Your goal>
The lines from the one containing "2.通过甲醇和6-氯喹啉合成6-喹啉羧酸甲酯,收率约76%;" through the last one in the data: please copy those exactly, and only those, without the pictures.

Stored dataset items:
┌────────
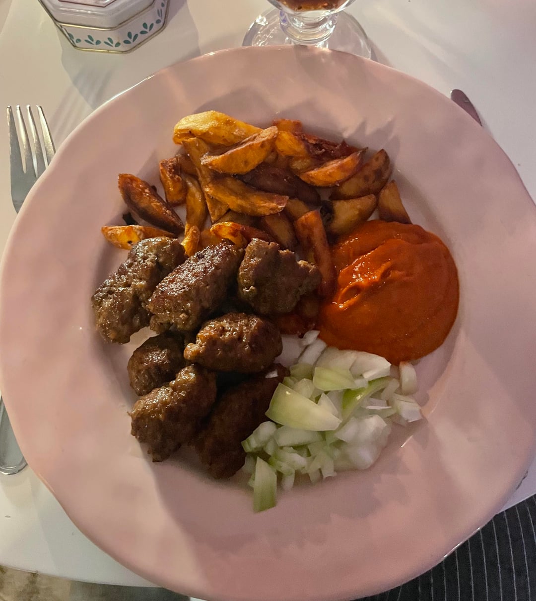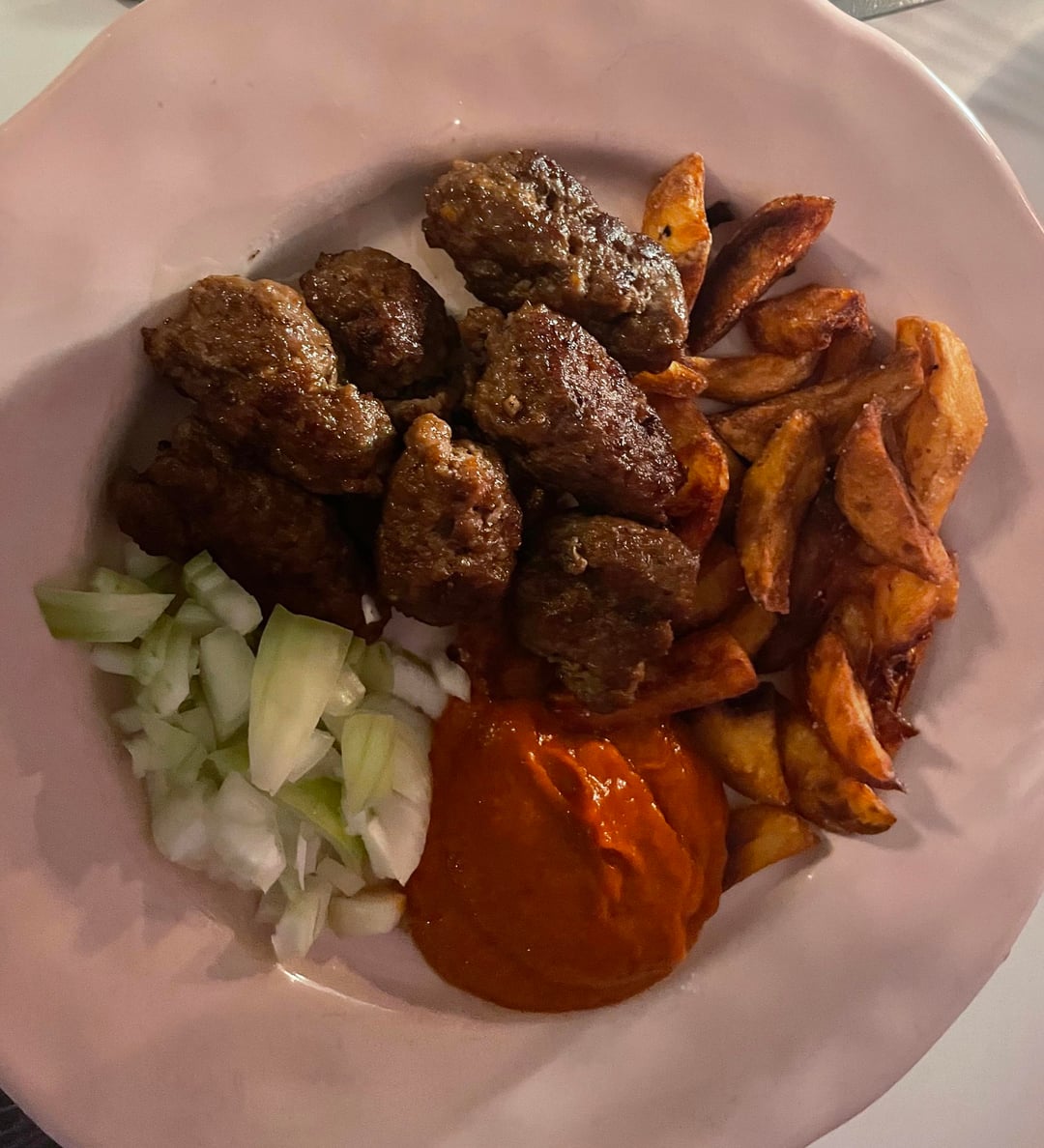 Tonight’s dinner: Cevapcici with homemade ajvar, fries and finely chopped onion. Yum! 😋
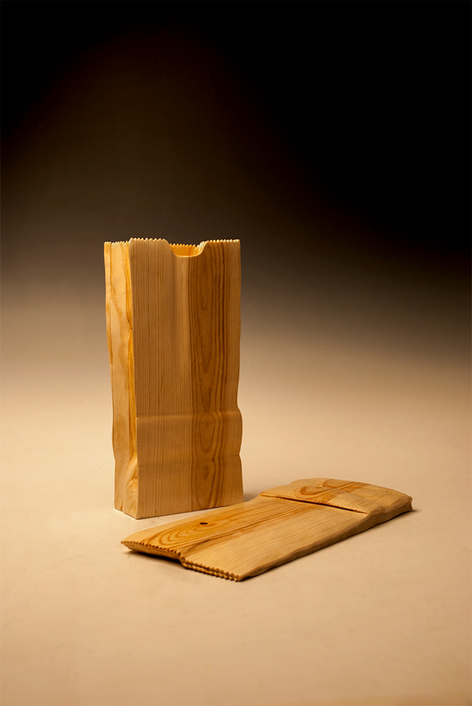 Reduction sculpture series revealing the very object that essentially derives from the raw material. Detailed carving from laminated pieces of pine.
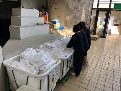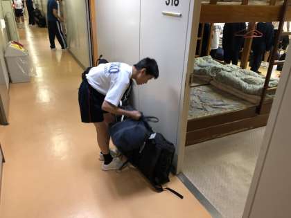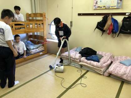 布団をきれいに畳んで、掃除をして、施設の方にチェックをしてもらいます。お世話になった施設を心を込めて掃除をし、一発で合格できるように、一生懸命きれいにしています。
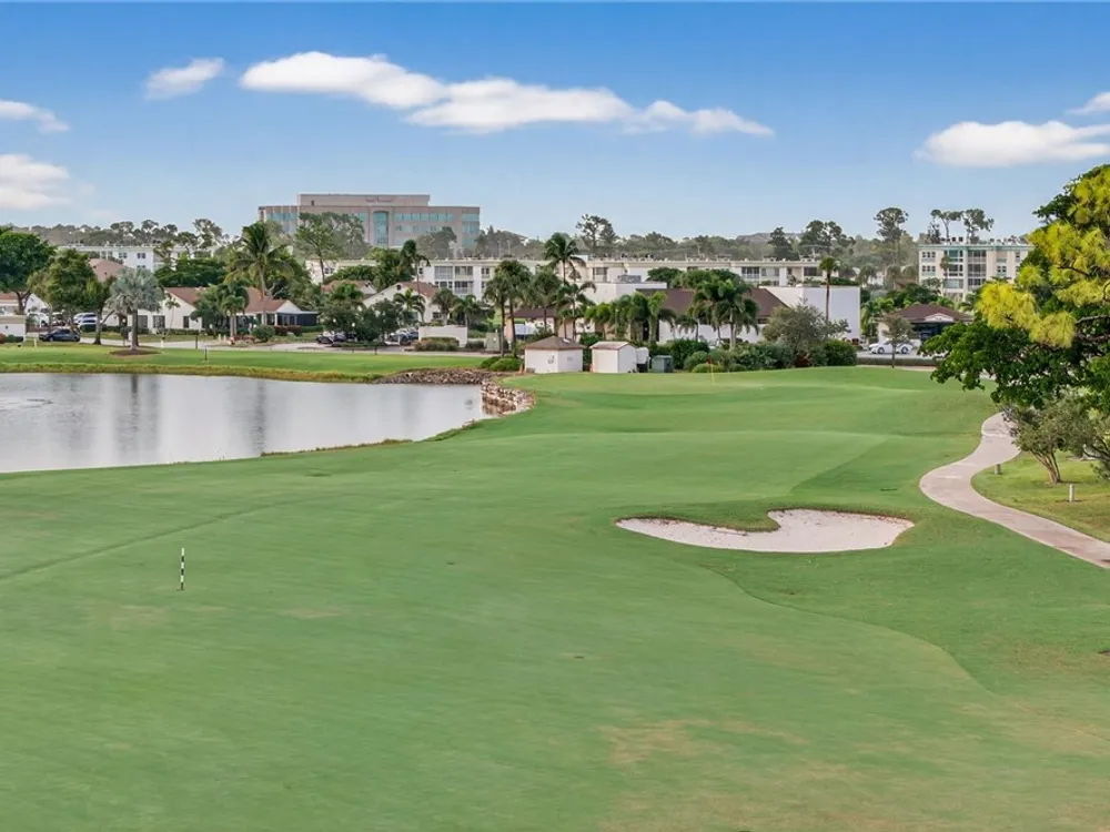 INTERIOR PHOTOS COMING SOON - Welcome to a well-kept, move-in-ready home in a vibrant 55+ bundled-golf community—where golf comes with NO green fees and NO trail fees. This residence showcases one of the community’s most desirable vistas, capturing both the shimmering lake and manicured fairways. Inside, a spacious primary suite features an ensuite full bath, complemented by a separate guest bath for easy entertaining. In the cooler months, slide open the IMPACT glass doors and let the Florida breezes flow; the lanai is enclosed with impact windows, creating extra flexible living space, while clear shutters protect the front of the home. Practical upgrades include a 2022 A/C and a transferable service contract for peace of mind. The condo fee covers cable, internet, water, sewer, trash removal, and lawn maintenance—owner pays electric—keeping monthly budgeting simple. Resort-style amenities abound: an executive 18-hole golf course, 6 tennis courts, pickleball, shuffleboard, an auditorium for dinners and dancing, on-site “Tee Room” restaurant, a robust rec department, monthly event calendar, and 24/7 guarded gate. All in a prime location close to the airport, top restaurants, shopping, and plentiful local entertainment. Great price to personalize with your own finishing touches—come see why this is such a wonderful community.
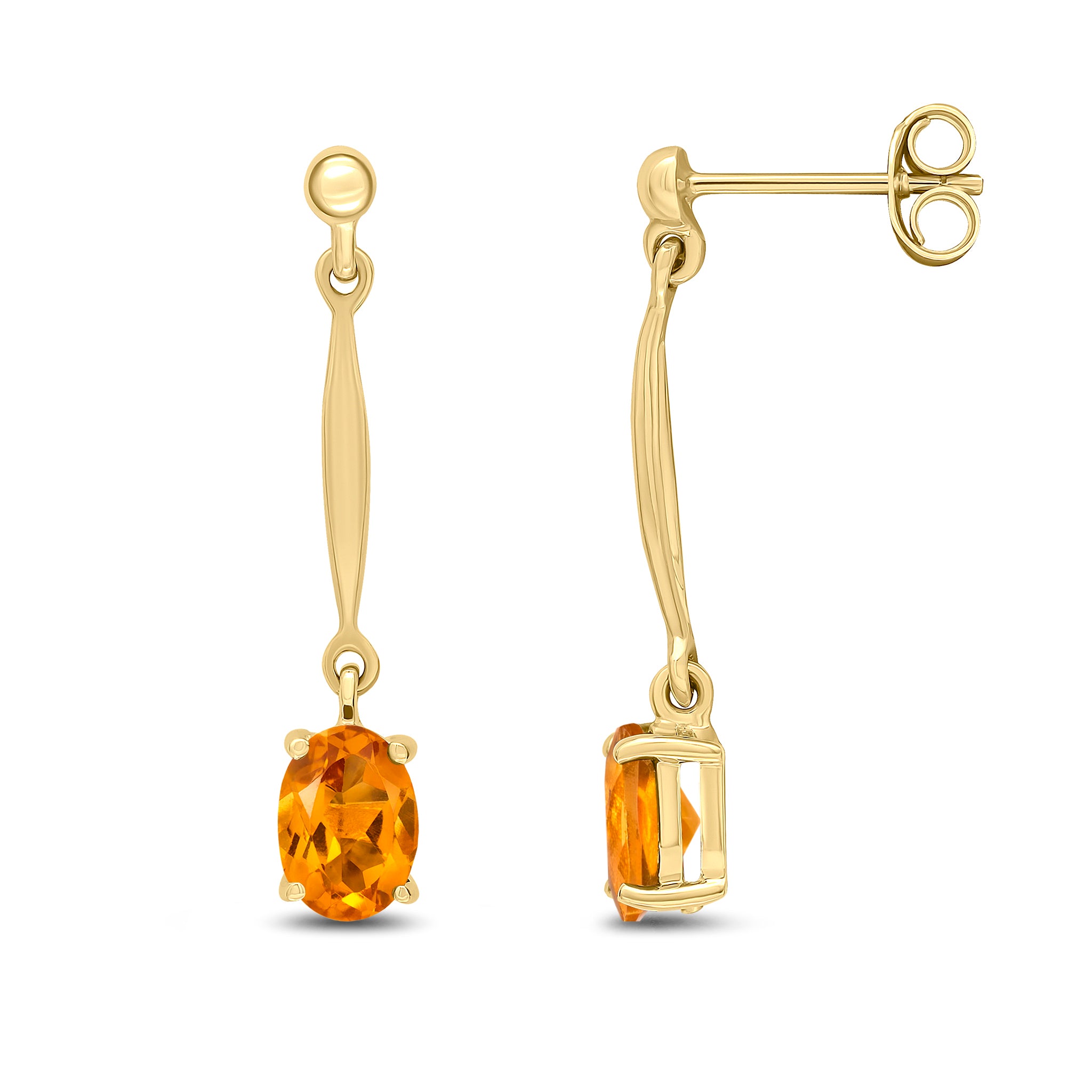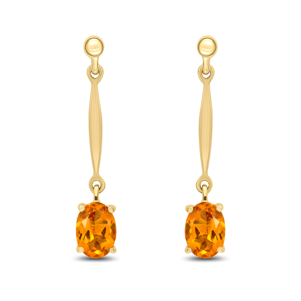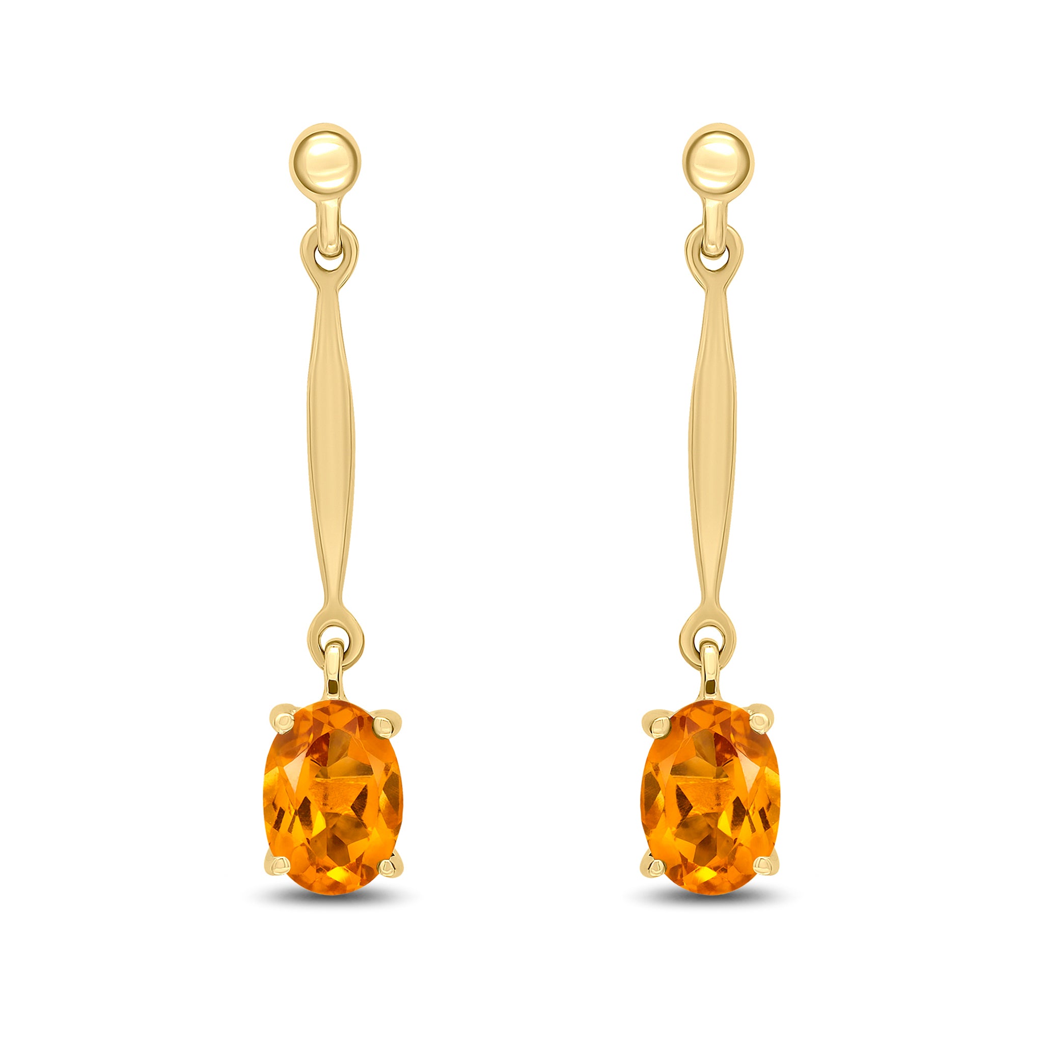 9CT Yellow Gold Oval Citrine Claw Bar Drop Earrings 7x5mm
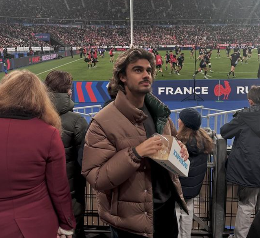 Jota assiste ao vivo jogo de râguebi entre França e Nova Zelândia
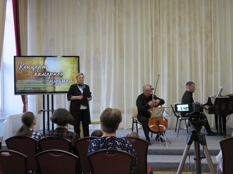 В библиотеке имени Горького состоялся концерт камерной музыки для виолончели и фортепиано в исполнении заслуженного деятеля искусств республики Куба, лауреата международных конкурсов Германа Васильевича Павлова и лауреата всероссийских и международных конкурсов, дипломанта Российской Гильдии пианистов-концертмейстеров Василия Сергеевича Морозова. Ведущая – преподаватель РМК им. Г. и А. Пироговых Ирина Нестерова.
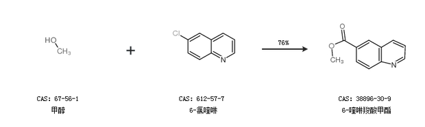 2.通过甲醇和6-氯喹啉合成6-喹啉羧酸甲酯,收率约76%;
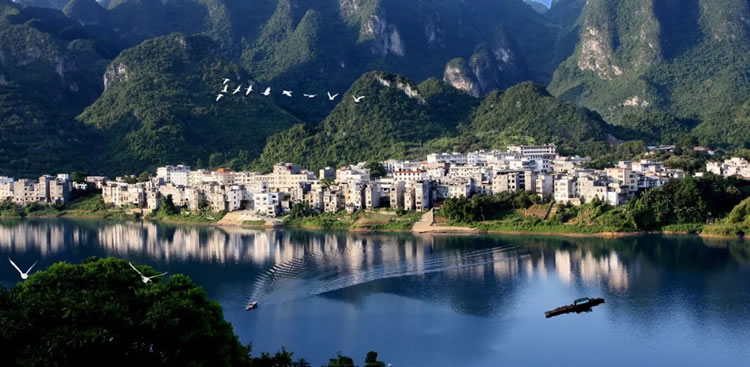 “紅水河第一灣”是國(guó)家AAAA級(jí)景區(qū),位于三石鎮(zhèn)板文村。紅水河在流經(jīng)東蘭縣板文村境內(nèi)拐了一個(gè)大彎,形成一個(gè)“U”字型的大峽谷,山環(huán)水繞,碧如玉環(huán),中間主峰如神龜靜臥,兩岸峰叢對(duì)稱排開,谷底河灘幾十個(gè)水譚或?qū)ΨQ、或連通,奇妙非常。山間林木翠綠蔥蘢,獼猴跳躍,百鳥爭(zhēng)鳴。在山頂上銅鼓觀景玻璃臺(tái)觀賞第一灣奇景,若在晨起碰到云霧天氣,霞光普照,霧繞神灣,幻若仙境。有詩(shī)描述:“一灣驚天下,回首造高峽,千山還壯美,奔流再出發(fā)!”該景區(qū)是紅水河的精華河段,是攝影、探險(xiǎn)、休閑度假的好地方。
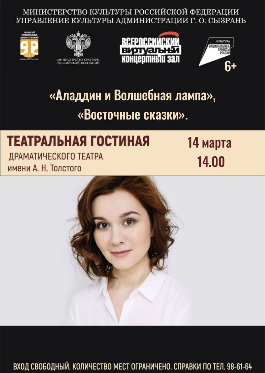 • 14 марта, 14.00 – «Аладдин и Волшебная лампа», «Восточные сказки». Читают Олег Салий и Мария Чувилина.
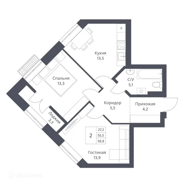 2 комн. квартира в Новосибирске в ипотеку от 55 447 руб/месяц
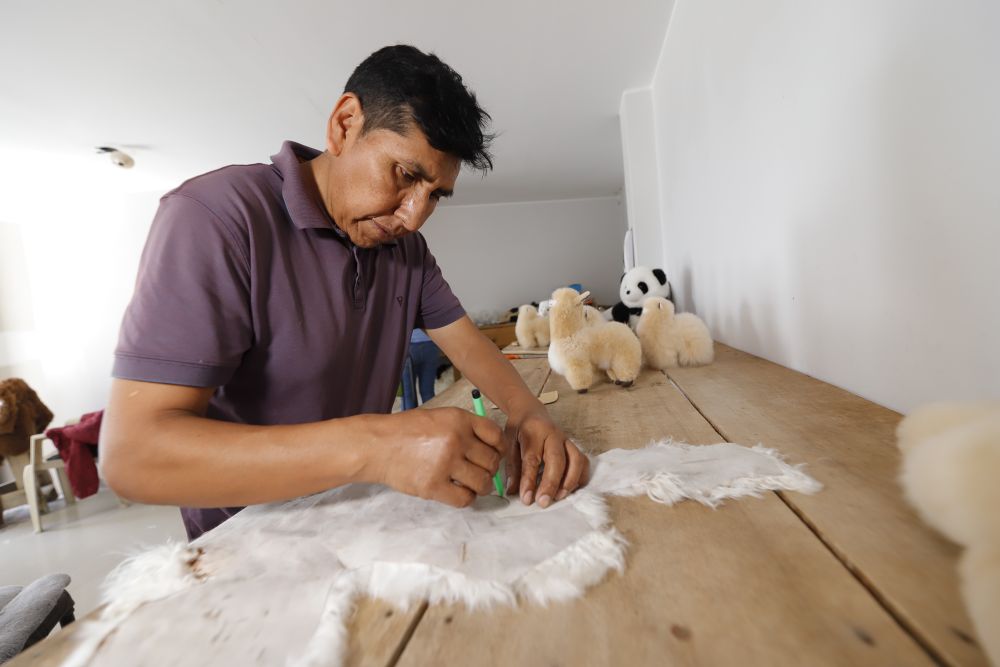 ↑在秘鲁南部城市阿雷基帕的工坊内,马马尼大叔制作羊驼手工艺品(10月27日摄)。
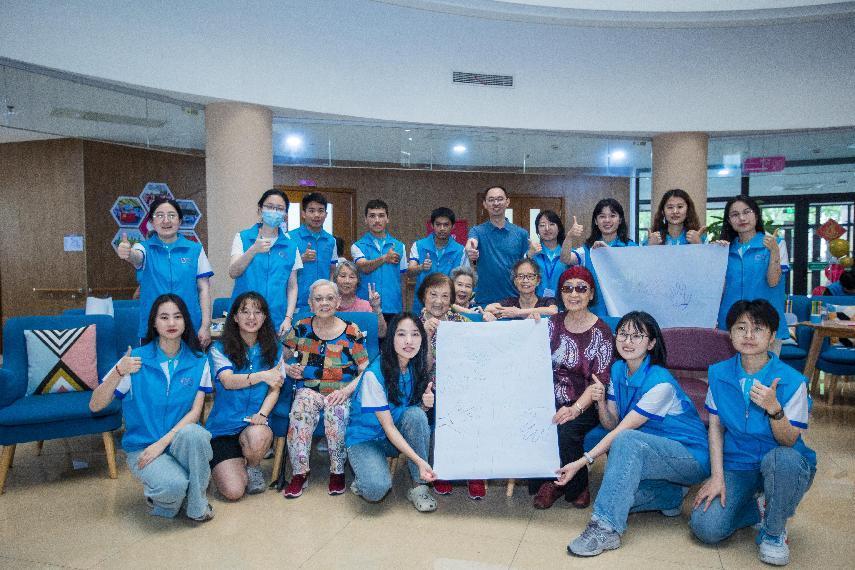 公益陪伴活动由蔡丹教授、黄婉怡博士、王玲玲博士等组成的专家团队精心策划、反复研讨确定,并在前期开展多次团体心理辅导技术训练。由yl23411永利集团官网各个专业的研究生组成的志愿者团队在精心组织安排下,为老年人们带来了抓手指、动感传球等妙趣横生的互动游戏和暖心分享、倾听等康乐活动,现场欢声笑语、其乐融融。“陪伴是最长情的告白”,志愿者们的陪伴缓解了老年人们内心的孤独,帮助抒发老人们的压力,提升幸福感,得到了老年朋友们的一致好评。
└────────
Task output>
 2.通过甲醇和6-氯喹啉合成6-喹啉羧酸甲酯,收率约76%;
 “紅水河第一灣”是國(guó)家AAAA級(jí)景區(qū),位于三石鎮(zhèn)板文村。紅水河在流經(jīng)東蘭縣板文村境內(nèi)拐了一個(gè)大彎,形成一個(gè)“U”字型的大峽谷,山環(huán)水繞,碧如玉環(huán),中間主峰如神龜靜臥,兩岸峰叢對(duì)稱排開,谷底河灘幾十個(gè)水譚或?qū)ΨQ、或連通,奇妙非常。山間林木翠綠蔥蘢,獼猴跳躍,百鳥爭(zhēng)鳴。在山頂上銅鼓觀景玻璃臺(tái)觀賞第一灣奇景,若在晨起碰到云霧天氣,霞光普照,霧繞神灣,幻若仙境。有詩(shī)描述:“一灣驚天下,回首造高峽,千山還壯美,奔流再出發(fā)!”該景區(qū)是紅水河的精華河段,是攝影、探險(xiǎn)、休閑度假的好地方。
 • 14 марта, 14.00 – «Аладдин и Волшебная лампа», «Восточные сказки». Читают Олег Салий и Мария Чувилина.
 2 комн. квартира в Новосибирске в ипотеку от 55 447 руб/месяц
 ↑在秘鲁南部城市阿雷基帕的工坊内,马马尼大叔制作羊驼手工艺品(10月27日摄)。
 公益陪伴活动由蔡丹教授、黄婉怡博士、王玲玲博士等组成的专家团队精心策划、反复研讨确定,并在前期开展多次团体心理辅导技术训练。由yl23411永利集团官网各个专业的研究生组成的志愿者团队在精心组织安排下,为老年人们带来了抓手指、动感传球等妙趣横生的互动游戏和暖心分享、倾听等康乐活动,现场欢声笑语、其乐融融。“陪伴是最长情的告白”,志愿者们的陪伴缓解了老年人们内心的孤独,帮助抒发老人们的压力,提升幸福感,得到了老年朋友们的一致好评。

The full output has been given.